Mais il faut ici prendre un autre point de vue. Lorsque Dieu donne un commandement pour des actes spirituels, il accorde le pouvoir de les accomplir. Il en fut ainsi lorsque Christ commanda à l'homme qui avait une main sèche de l'étendre; et à Lazare de sortir du tombeau. L'appel et le commandement de Dieu, sont les canaux de la force et de la capacité.
4e objection
Le décret de Dieu ne peut être absolu et infaillible, car il pourrait avoir été frustré par la possibilité qu'Adam persistât dans son innocence.
Réponse
La persistance d'Adam était possible quant à lui-même, mais non quant à Dieu. Dire qu'Adam pourrait ne pas avoir péché, est une proposition catégorique et simple, et serait bonne en tant qu'Adam serait considéré comme revêtu de la liberté de sa volonté: et de même aussi dire qu'il ne pouvait se faire autrement sinon qu'Adam tombât dans le péché, est également vrai si on considère Adam comme subordonné au décret de Dieu, déterminait ce que ferait Adam, abstraction faite de la liberté de sa volonté.

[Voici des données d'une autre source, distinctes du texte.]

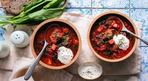 Красный борщ со щавелем – это не просто блюдо, а настоящая кулинарная классика, которая радует своим вкусом и ароматы летом. Он полон витаминов и полезных веществ, благодаря чему способен насытить и поднять настроение. Щавель, добавляемый в борщ, является отличным источником витамина С и других полезных элементов, способствующих укреплению иммунной системы.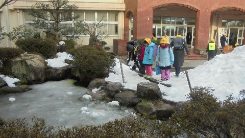 良い天気が続き、その分朝の冷え込みがはげしくなっています。学校の池は、まだ厚い氷が張っています。毎朝登校した子ども達が氷上に雪の溶け残った塊をすべらしています。まるでカーリングです。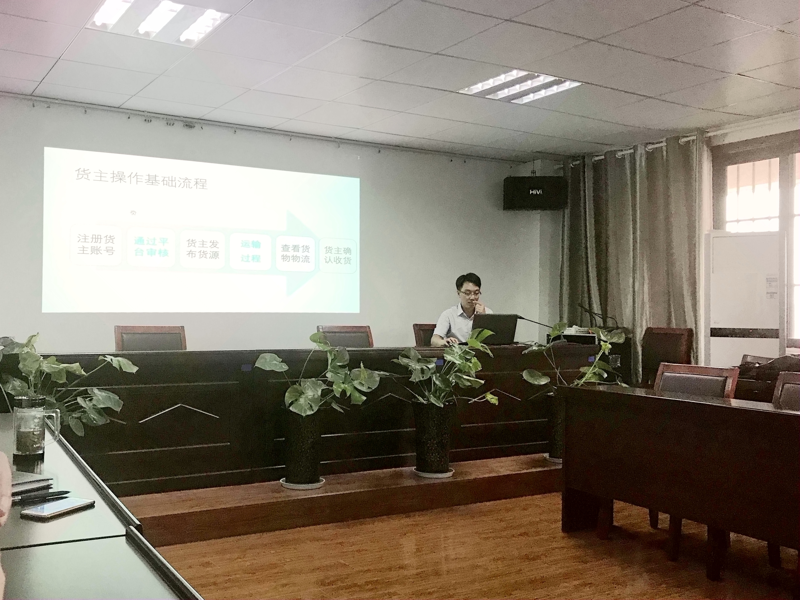 9月4日,公司与淮海工学院共同研发的“慧海通”物流云数据平台项目在公司东四楼会议室进行了阶段性成果演示,公司领导班子成员、企管处、市场部及相关运输单位负责人参加了平台项目的模拟演示。

Quant à l'homme, Adam pourrait n'être pas ou être tombé: car Dieu ne donna pas à sa créature seulement une loi, mais il lui fournit aussi un pouvoir suffisant pour garder cette loi, s'il l'eût voulu; et si l'homme n'eût pas été une créature muable il aurait été Dieu et non homme. L'homme est muable; Dieu seul est immuable. C'est en ceci que le Créateur est distingué de tous les êtres créés. Ainsi, en tant que cela concerne Dieu, il n'était pas possible que l'homme restât innocent; car dans le décret de Dieu il était certain que l'homme étant laissé à la mutabilité de sa propre volonté (et Dieu permettant à Satan de le tenter) inclinerait volontairement au mal. Adam a donc péché librement eu égard à lui-même, mais nécessairement eu égard à Dieu. Il a agi aussi librement dans cet acte, que s'il n'y avait pas eu de décret, et cependant aussi infailliblement que s'il n'y avait pas eu de liberté. Le décret de Dieu n'ôta pas la liberté de l'homme; l'homme dans la chute, tandis qu'il accomplissait le décret de Dieu, exerça néanmoins librement les propres mouvements de sa propre volonté.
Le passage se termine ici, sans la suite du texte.